Keegan grew up in Nashua attending St. Christopher School and Bishop Guertin.

The youngest of four children, Keegan said he grew up in a close-knit family that started him off, at a very young age, on volunteer work.

“It just became ingrained in me,” he said.

He spent his years after college building a successful career in business, working to turnaround struggling companies and serving as president and CEO of four different companies.

He never lost his love of helping others, often donating with private and company dollars to various organizations and charities. By the time he was ready to move back to Nashua about four years ago, however, he started wondering if there was a better way to help.

“If you give $100 to everyone who asks, how much impact are you really having?” Keegan said. “Every dollar is good, but we wanted to have a larger impact.”

So Keegan and his wife started looking around at local organizations they could help, focusing on schools and other educational initiatives to lend their support. After a few years of making larger donations to fewer groups, they decided to take the next step: forming their own foundation to facilitate this work.

In came the Keegan Family Courage and Faith Foundation, named for a quote that Keegan said has shaped his professional career: “Have the courage to fail and the faith to succeed.”

The couple has worked to gather a strong board of directors and have already started to work with local schools on various projects.
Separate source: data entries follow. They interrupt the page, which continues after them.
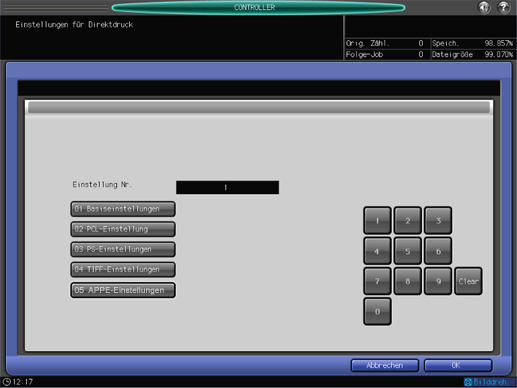 Dieser Bildschirm wird angezeigt, wenn Sie auf [Einstellungen für Direktdruck] im Bildschirm [Controller-Systemeinstellungsmenü] drücken. Ausführliche Informationen darüber, wie der Bildschirm [Controller-Systemeinstellungsmenü] aufgerufen wird, finden Sie CONTROLLER: Einrichten des Controllers.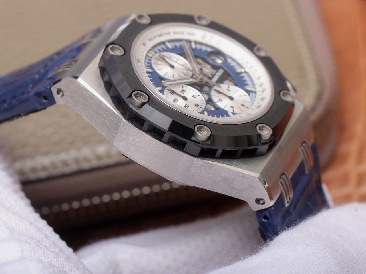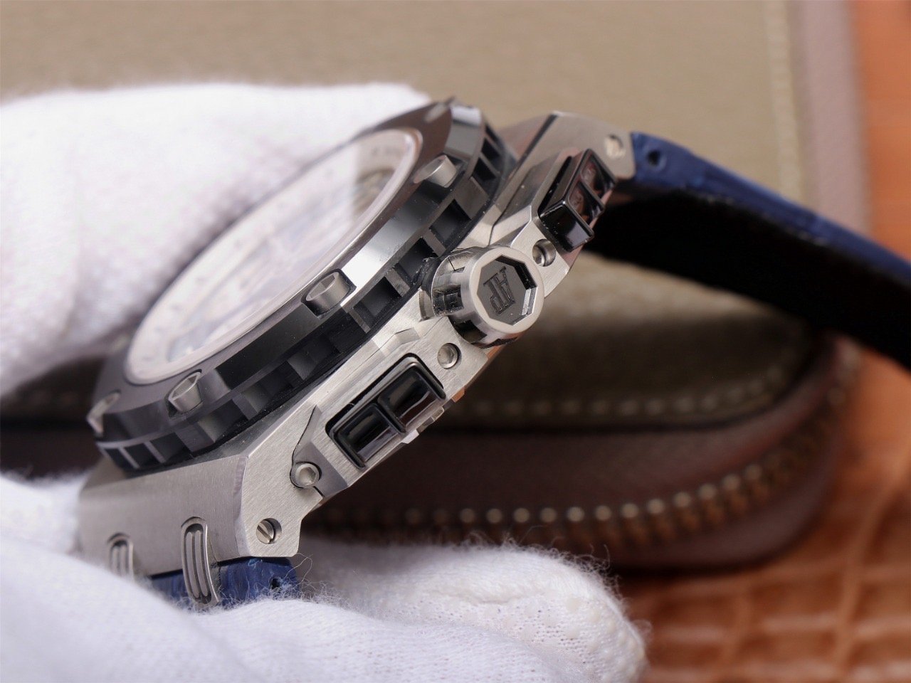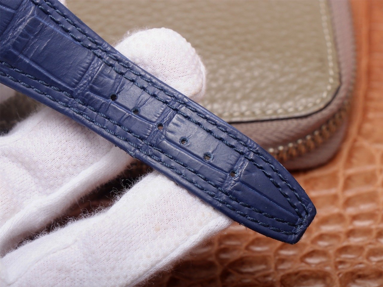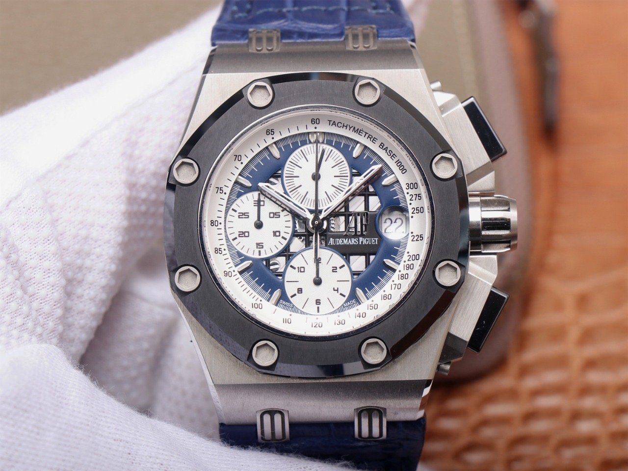 Синий, прошитый двойной строчкой черными нитками, кожаный ремешок из толстой телячьей кожи, с двойной раскладывающейся застежкой Audemars Piguet. |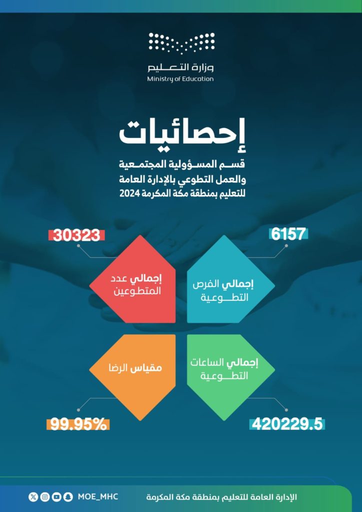 ﺗﺤﺘﻔل ﺍﻹﺩﺍﺭﺓ ﺍﻟﻌﺎﻣﺔ ﻟﻠﺘﻌﻠﻴﻢ ﺑﻤﻨﻄﻘﺔ ﻣﻜﺔ ﺍﻟﻤﻜﺮﻣﺔ ﺑﺎﻟﻴﻮﻡ ﺍﻟﺴﻌﻮﺩﻱ ﻭﺍﻟﻌﺎﻟﻤﻲ ﻟﻠﺘﻄﻮﻉ ﺗﺤﺖ ﺷﻌﺎﺭ ) ﻣُﺠﺘﻤﻊ ﻣﻌﻄﺎﺀ وذلك خلال الفترة من 4 – 9 جمادى الآخرة 1446 هـ.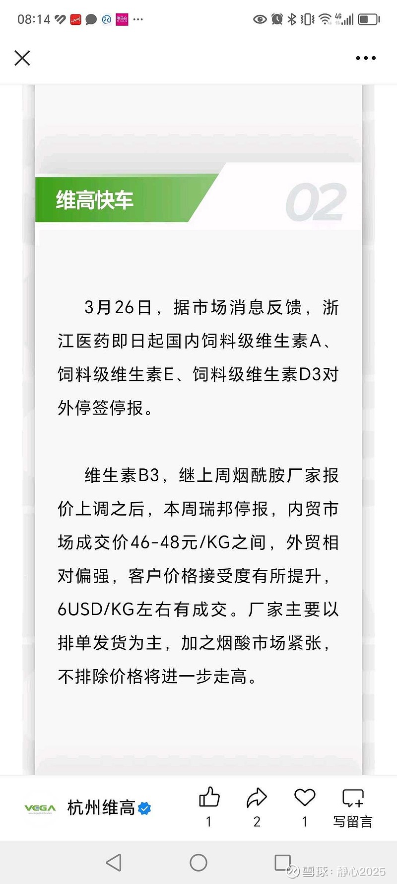 维生素d3都停报了。vd3上涨应该马上来临。
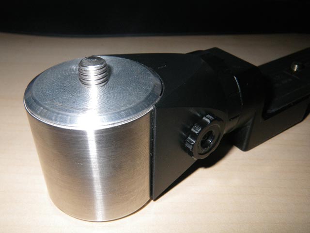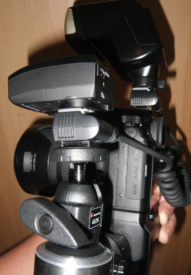 Here you can see my custom Pentax AF400T bracket insert. It's connected to the Manfrotto 482K.

Two percent of all revenue from the Keegans’ portfolio of companies – including Rightcoast Advisors, Velocity Performance, and Workforce Extended – is made available for the foundation, donated to various projects and initiatives in the area. With that model, Dana Keegan said, as their companies grow, so will their donations.

So far, the recipients of the Keegans’ work have been private schools, St. Christopher and Bishop Guertin, but Keegan said they’re open to helping any group with an idea to improve the lives of local youth. Their dollars won’t go to infrastructure but will go toward starting new education programs, providing better learning opportunities in classrooms and similar goals.
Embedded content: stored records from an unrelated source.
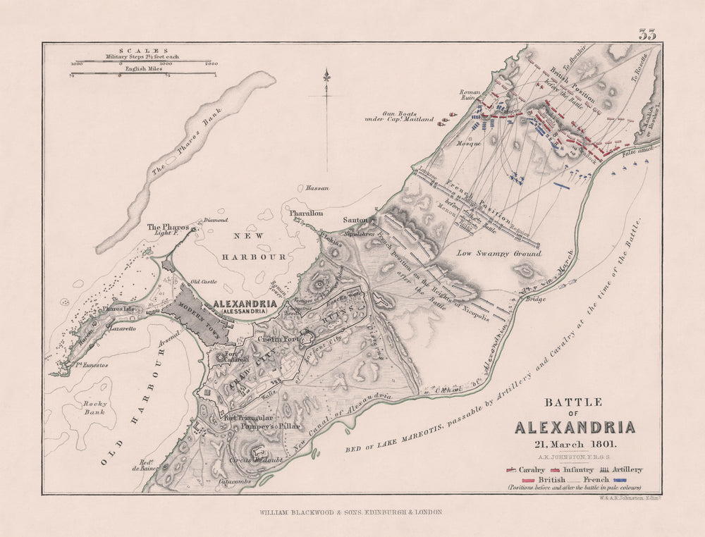 Die Künstler dieser Karte, W. & AK Johnston, waren im späten 18. und frühen 19. Jahrhundert für ihre detaillierten und präzisen kartografischen Arbeiten bekannt. Die lebendige Darstellung der militärischen Bewegungen in der Schlacht von Alexandria zeugt von ihrer Meisterhaftigkeit. Diese Lithografie ist besonders bemerkenswert für die Darstellung der britischen und französischen Militärstrategien, einschließlich Kavallerie, Infanterie und Artillerie, die sorgfältig farblich gekennzeichnet wurden, um die Positionen vor und nach dem Zusammenstoß anzuzeigen.
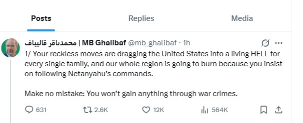 واختتم قاليباف تغريدته برسالة حازمة قال فيها: "لا تخطئوا؛ لن تحققوا أي مكاسب من خلال جرائم الحرب"، في إشارة واضحة إلى العمليات العسكرية المستمرة والدعم الأمريكي المطلق لإسرائيل في التوترات الراهنة.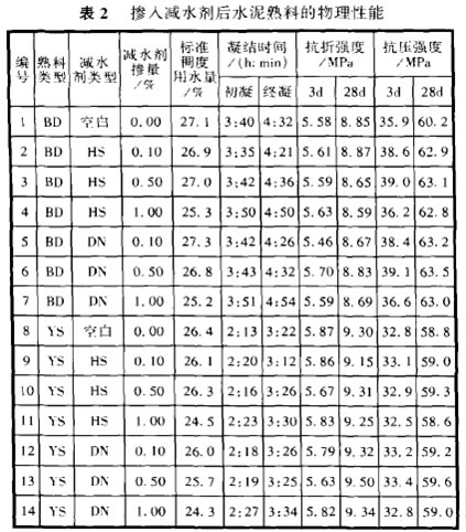 2.1.2 高效減水劑對水泥熟料物理性能的影響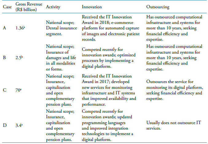 The information about the insurers included in the study is presented in Chart 1. The data on gross revenue was obtained from their annual reports of financial information disclosed publicly. The information on innovation and outsourcing was inferred from the data obtained in the interviews and other documents collected.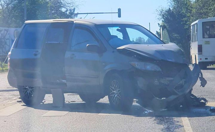 На въезде в Азове 3 мая Mazda протаранил Lexus. Автомобиль премиум–класса, по словам читателей портала «Ёрш. Азов», выворачивал на трассу с отстойника автобусов на конечной остановке маршрута №2, и ему в бок врезался минивен.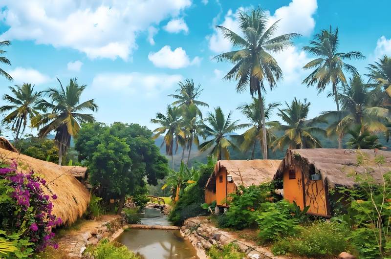 这里的船型屋作为黎族传统民居的杰出代表,其建筑智慧集中体现了“道法自然”的哲学思想。船屋整体以竹木为骨、茅草为衣,就地取材而不毁山林,其弧形屋顶设计能有效抵御台风侵袭,在风速达12级时可降低30%冲击力,茅草墙体具备天然隔热性能,使室内温度常年保持在28℃左右,这种建筑中蕴含着的生态智慧,既是海南人民适应热带气候的创造性实践,也与绿色生态型民居“低能耗、高适应性”的核心原则高度契合。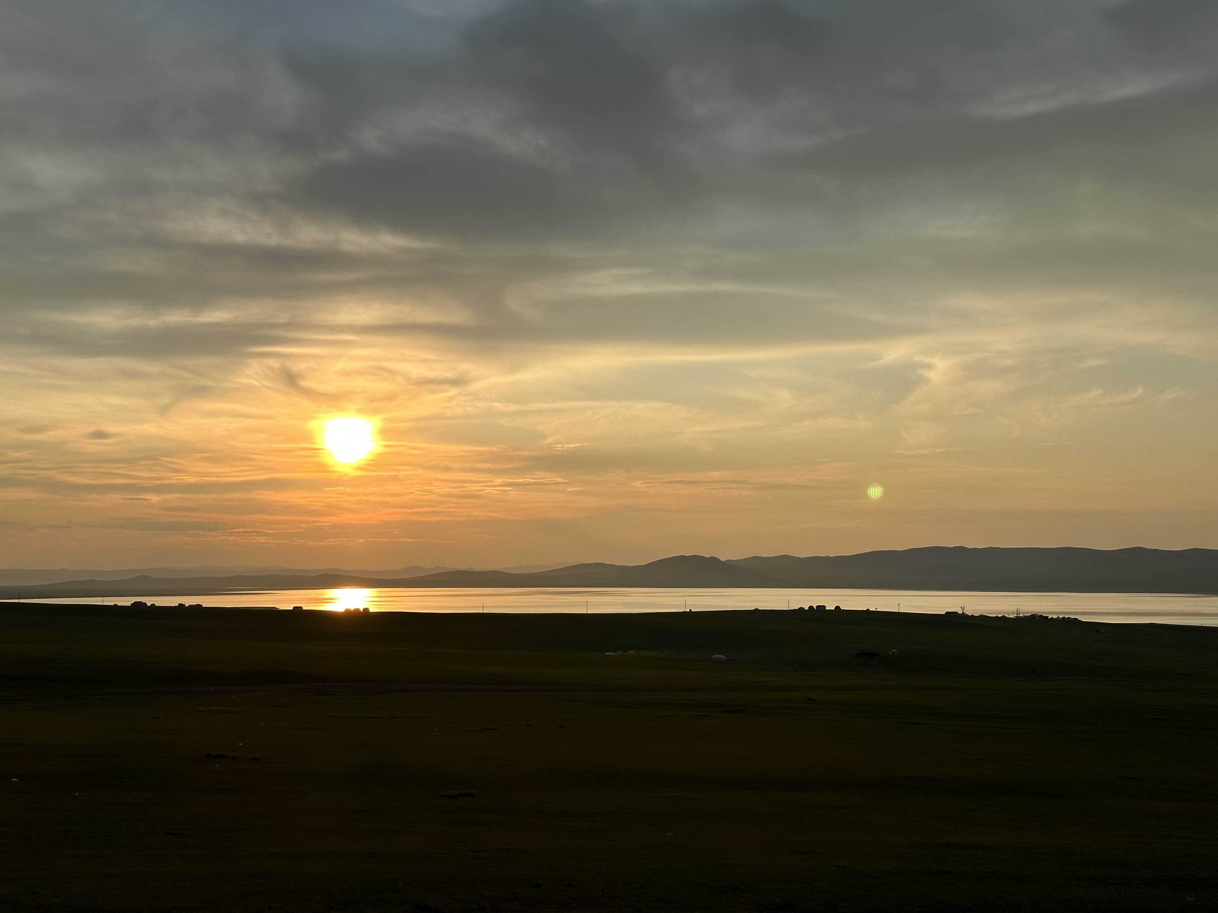 6월 초라 그랬는지 몽골은 해가 무척이나 길었다. 오후 9시가 되어서야 우리가 생각하는 일몰뷰를 볼 수 있었다. 붉게 물든 노을과 그 노을을 그대로 투영해 주는 어기호수. 어딘가 따뜻해 보이는 게르들이 목가적인 분위기를 연출해주고 있었다. 평화로운 몽골의 모습.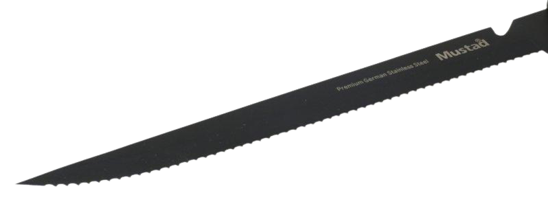 Дополнительно от коррозии защищает лезвие покрытие из тефлона. Это также улучшает и скольжение. Данный нож получил рукоять габаритами 13см. Она обладает эргономичной, продуманной геометрией и искусственным нескользящим покрытием, потому хорошо лежит в ладони.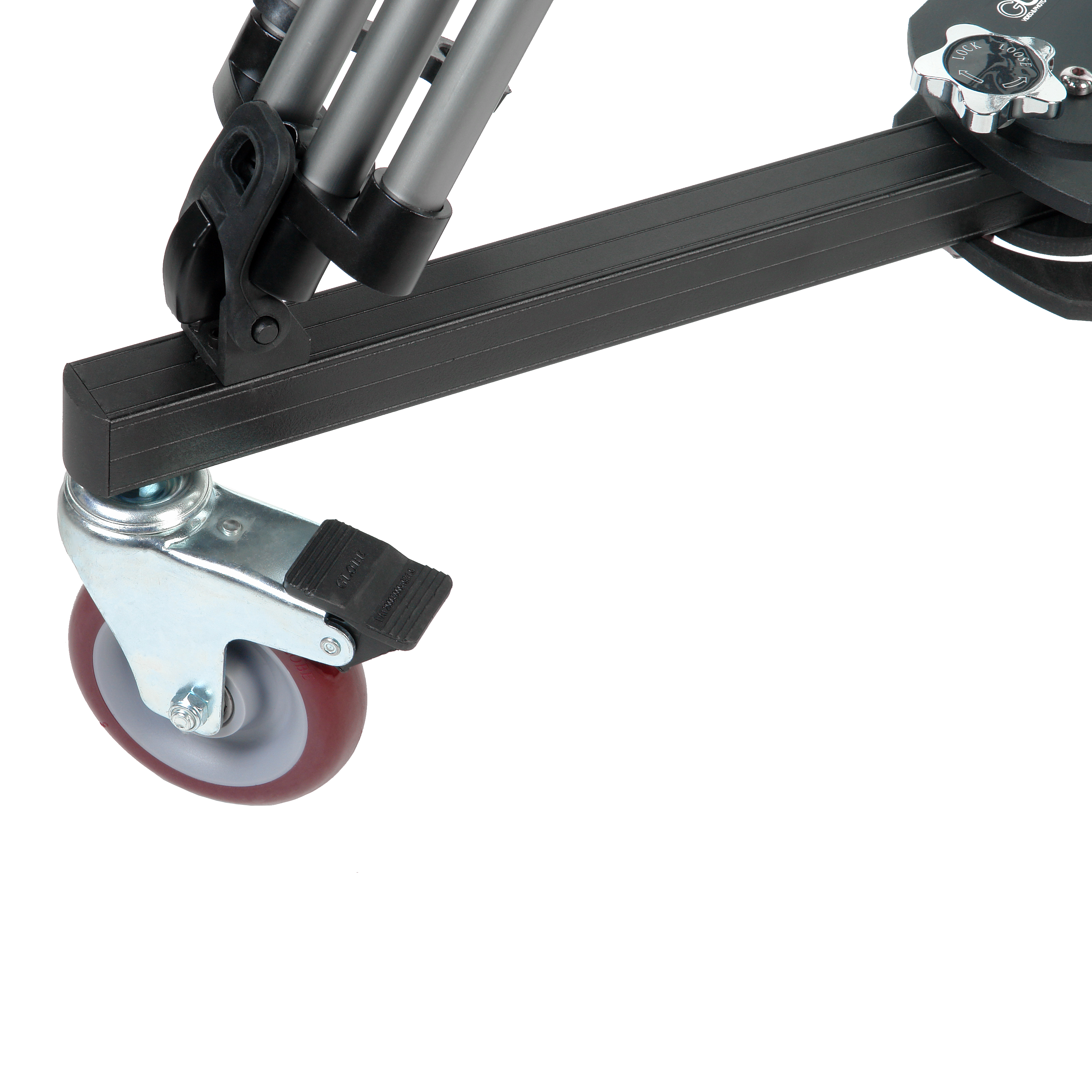 Основанием крана является тележка на колесах грузоподъемностью до 200 кг. Операторская алюминиевая тележка с радиусом крепления для штатива 92 см легко и быстро раскладывается в нужное положение и фиксируется двумя винтами. Благодаря трем колесам диаметром 130 мм тележку легко перемещать, для блокировки положения на каждом колесе предусмотрен тормоз.

At St. Christopher’s, the Keegans’ donation put smart boards into every classroom, replaced black chalkboards with white boards and gave the school a wireless Internet system.
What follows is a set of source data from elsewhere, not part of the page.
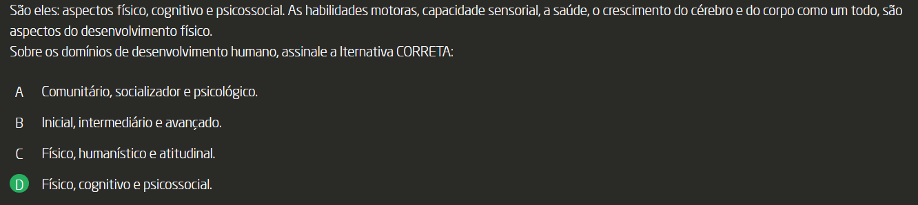 São eles: aspectos físico, cognitivo e psicossocial. As habilidades motoras, capacidade sensorial, a saúde, crescimento do cérebro e do corpo como um todo, são aspectos do desenvolvimento físico. Sobre os domínios de desenvolvimento humano, assinale a Iternativa CORRETA: A Comunitário, socializador e psicológico. B Inicial, intermediário e avançado. Físico, humanístico e atitudinal. D Físico, cognitivo e psicossocial.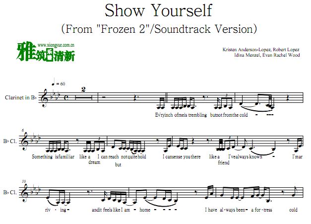 FROZEN2 - Show Yourself 单簧管谱 F#-G-Ab调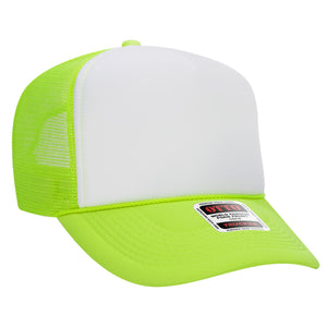 OTTO 39-165 5 Panel High Crown Mesh Back Trucker Cap - N.Grn/Wht/N.Grn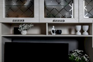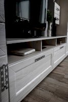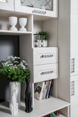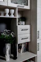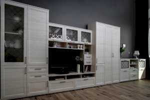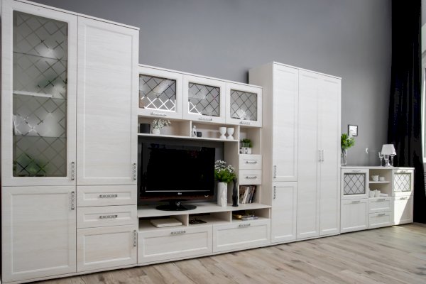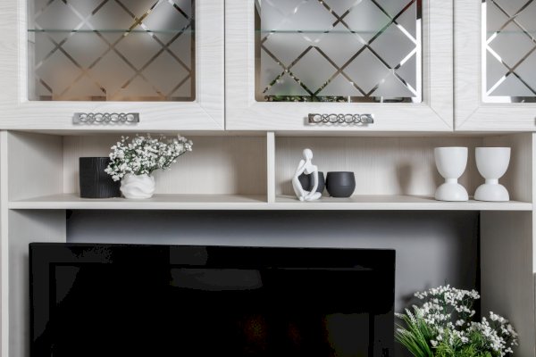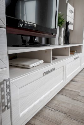 Помимо привлекательного дизайна, тумба под ТВ может похвастаться отличной функциональностью. Она имеет два вместительных ящика и два маленьких, открытые ниши под тв аппаратуру и полки под декор. Дверки со стеклом с пескоструйным рисунком добавляют модели легкость. Таким образом, тумба под ТВ при достаточно компактных размерах имеет множество мест для хранения. Это идеальный вариант для небольших гостиных.

Principal Cindy Clarke said the project has marked a significant change in the school and helped engage students.

“I think we always try to provide a positive, challenging learning experience that supports each student’s potential for growth,” she said. “This has definitely helped with that.”

At Bishop Guertin, Keegan foundation dollars were used to help bring extra technology to students through the Leapfrog Project.

This fall, the high school will get another boost with the Leadership Institute.

Voute said the school is looking forward to implementing the program with the help of the Keegans, who first came to the school with the idea last year.

The institute will provide programming to all student-leaders to help them better prepare for their new roles. Some of this, Voute said, might involve tapping into Bishop Guertin’s extensive community of alumni, bringing them in for workshops.

Keegan said he’s hopeful that if the program works well at Bishop Guertin, it could be used throughout the community to help youth improve their leadership skills.

The whole idea of leadership, Keegan said, is closely tied to the family’s foundation and its efforts to raise awareness of their mission.

A lot of the work the couple hopes to do in the coming years goes beyond donating their own money to various causes. They hope to get others more involved with donating as well. When they have a project they’re helping with, Keegan said, they can bring the proposal to their friends or community members who may have an interest.

Having a specific project, and an example of the foundation’s own donation, can be just what someone needs to give their own contribution.

The Keegans said they hope bringing more awareness to their foundation will help grow the organization, not for their own sake, but to expand their reach, and their ability to help others in the community.

“We could double, or triple, our donation that way,” Keegan said. “A lot of times, people are waiting to be inspired by the right proposal. People want to give but they’re not really sure how to help.”